One of the classic starting points for such a discussion – in my classrooms, anyway – is to address the issue of “Africa”. What is “Africa”? Is it a thing, an entity that we can point to as an example of anything? Can we ever speak of “Africa” in toto? If we can, how much is that a reflection of our residual framing of the “dark continent” as uniformly lesser, generally failed, mostly in need of Western aid and advice? (Recall the infamous cover story in The Economist 11 years ago which referred to it as the “Hopeless Continent”.)

Why do stories and movies tend to employ “Africa” as their setting rather than an actual country? Is it the weight of a confusing historical backstory? The problem of simple ignorance? Or is it about something deeper, some Western refusal to let go of the idea of “Africa” as a construct, a space onto which we impose our impressions, ideas, and wills?

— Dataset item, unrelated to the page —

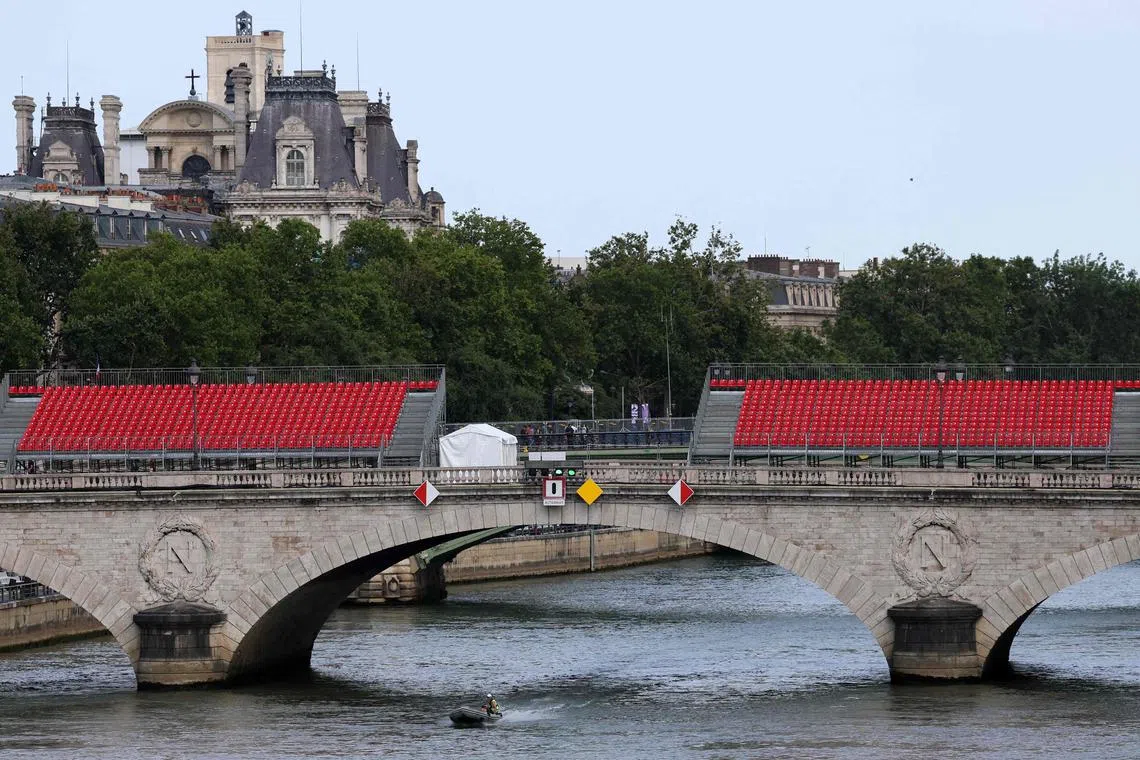 Stands have been set up on the River Seine for spectators, ahead of the opening ceremony for the Paris 2024 Olympic Games.

French auteur Claire Denis’ White Material has a knack for dividing audiences and critics alike. Perhaps the most divisive thing seems to be that, although this film is fairly clearly a denunciation of the lingering effects of colonial presence in former colonies (something about which she knows a great deal), it takes place in an unnamed, geographically indistinct nation in “Africa”, and is most interested in the only white people in an overwhelmingly black population.

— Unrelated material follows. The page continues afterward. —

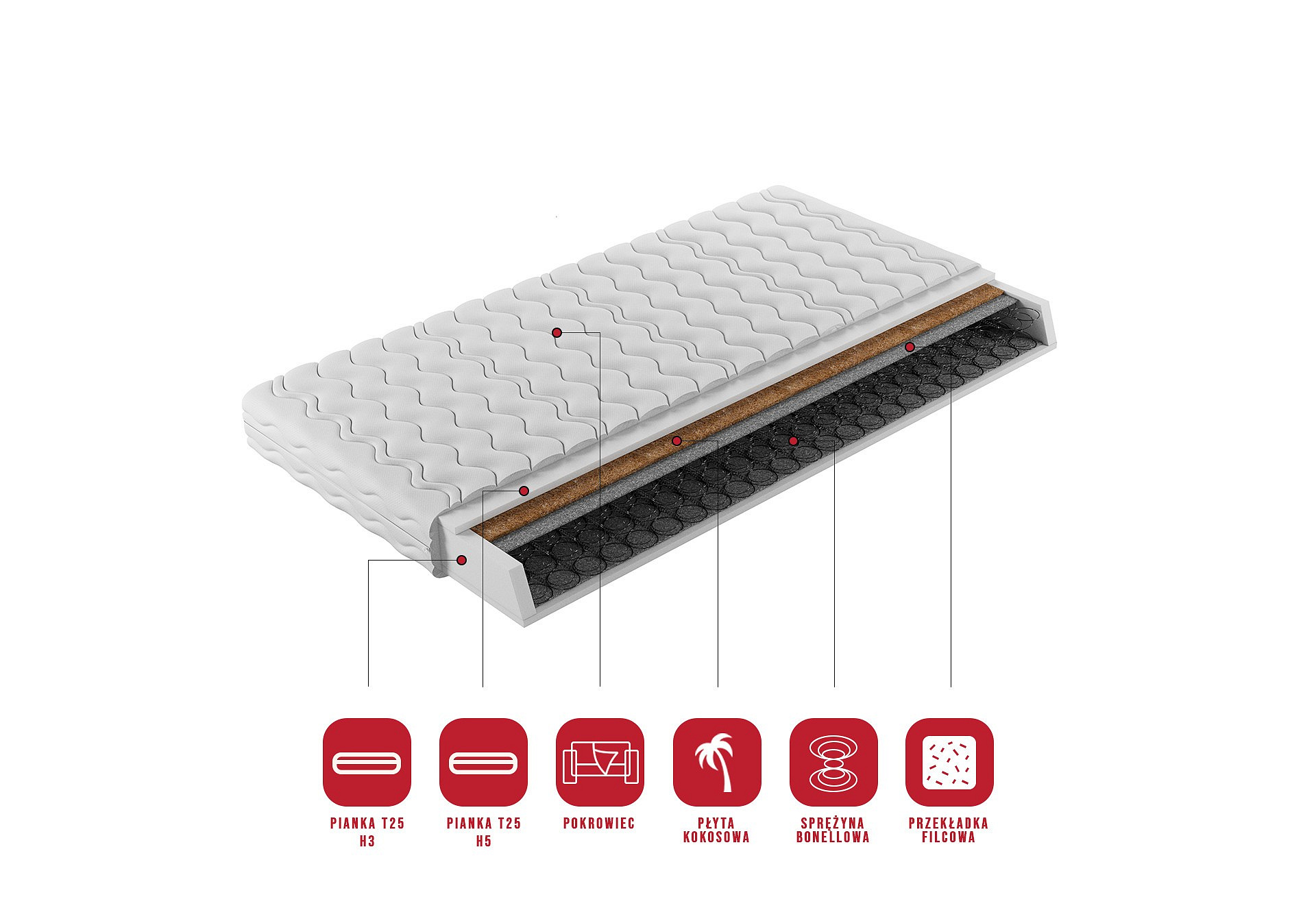 Matrace bonellová PRESTIN se skládá z pružiny typu bonell, jejíž hlavní výhodou je plošná pružnost, díky které je matrace vhodná pro každou osobu. Co více, výplň matrace byla vyrobena z vysoce kvalitní polyuretanové pěny T25 se dvěma stranami tvrdosti H5 a H3 - tvrdou a středně tvrdou. Pro zlepšení komfortu odpočinku je model PRESTIN vybaven kokosovou deskou o výšce 1 cm. Taková kombinace zajišťuje, že matrace má dobrou odolnost a cirkulaci vzduchu. Důležitou vlastností jsou také jeho hypoalergenní vlastnosti. Antialergický, prošívaný potah nepřitahuje prach, roztoče ani jiné alergeny, což z něj činí oblíbenou volbu pro osoby se sklonem k alergiím a podráždění pokožky. Navíc jej lze prát v pračce na 40 stupňů Celsia, což ještě více usnadňuje udržování správné hygieny spánku. Povlak má zip, díky čemuž ho lze snadno sundat a nasadit.

As the country descends into a civil war (about which, politically, we learn nothing much) in which children, neighbours, and former friends turn on one another with searing violence, one white family remains on their coffee plantation, determined to harvest their crop for some reason. (I mean, who do they expect to sell the stuff to? How will they transport it? Is this all just a metaphor for colonial stupidity and lack of foresight?) Eventually, the war will come to them, and the plot of the film, such as it is, considers their path to an inevitable destruction.

Positioning white people at the centre of a story on the catastrophic aftermath of a rushed and poorly executed de-colonization effort is problematic on its own. But, to then fail to develop any of the surrounding characters (all non-white) in any meaningful way is to appear to jump headlong into the old trap of colonial authors from Kipling to Cooper to Conrad to Greene. Like those old stories – and this film shares much with Conrad’s Heart of Darkness – this is a movie about white people who have come to live in, and love, “Africa”, but are being forced to leave while the “Africans” who surround them kill each other mercilessly.

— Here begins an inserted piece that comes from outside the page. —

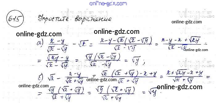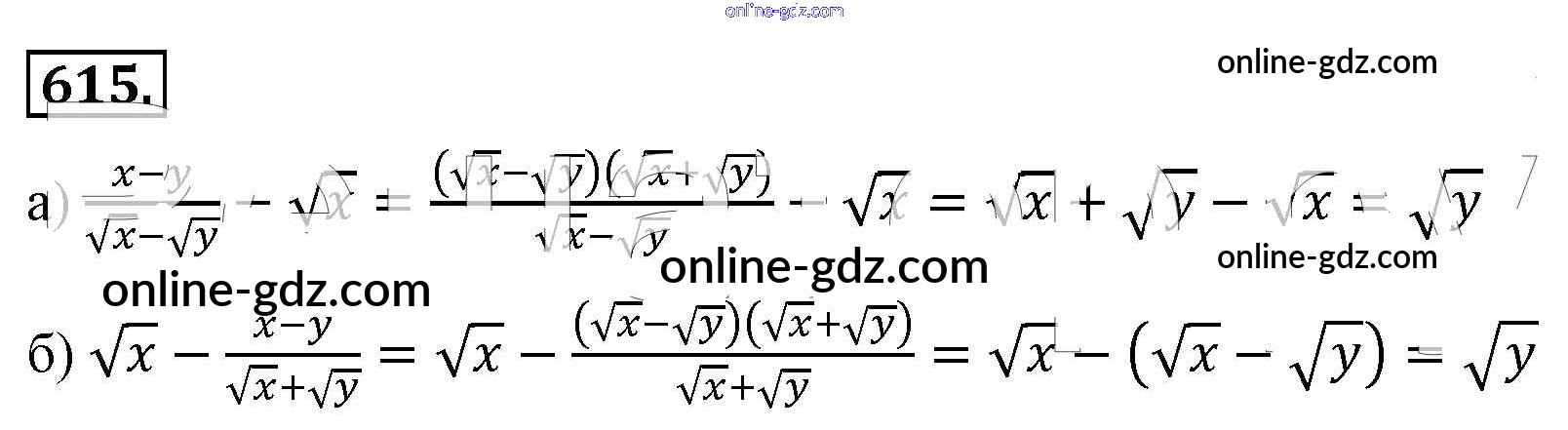 Готовые домашние задания по Алгебре за 8 класс Учебник Макарычев, Миндюк 2016 - Упражнения 615

Denis’ film is temporally disjointed, opening in the present and flitting from there to the past and back again on what almost feels like random whim throughout. Confusing in a disorienting way, the thin plot is rendered almost incomprehensible until, as we near the climax, it becomes apparent that there wasn’t much to figure out to begin with. People get killed, though it isn’t exactly clear why or by whom. In one key instance, there is no way to know who is being killed, even though it would seem to be pretty relevant information.

Though there are scenes of uncompromising violence, there are long stretches of inaction which test the patience. Who are these people? What motivates them? What, beyond the desire to keep their coffee plantation and remain in “Africa”, keeps them anchored despite all of this overwhelming evidence that they are soon to be massacred?

Though shot in Cameroon, and making several references to France as the former colonizer, Denis’ film quite deliberately positions itself in the precarious spot of existing outside of history. While much of the decolonization process that seems to be taking place here – an early scene finds a French army helicopter circling over a white woman (Isabelle Huppert, who is characteristically excellent), admonishing her to leave now because the army is pulling out – has historical referents, most of these types of events date to the '50s and '60s. Yet this film appears to take place now, today.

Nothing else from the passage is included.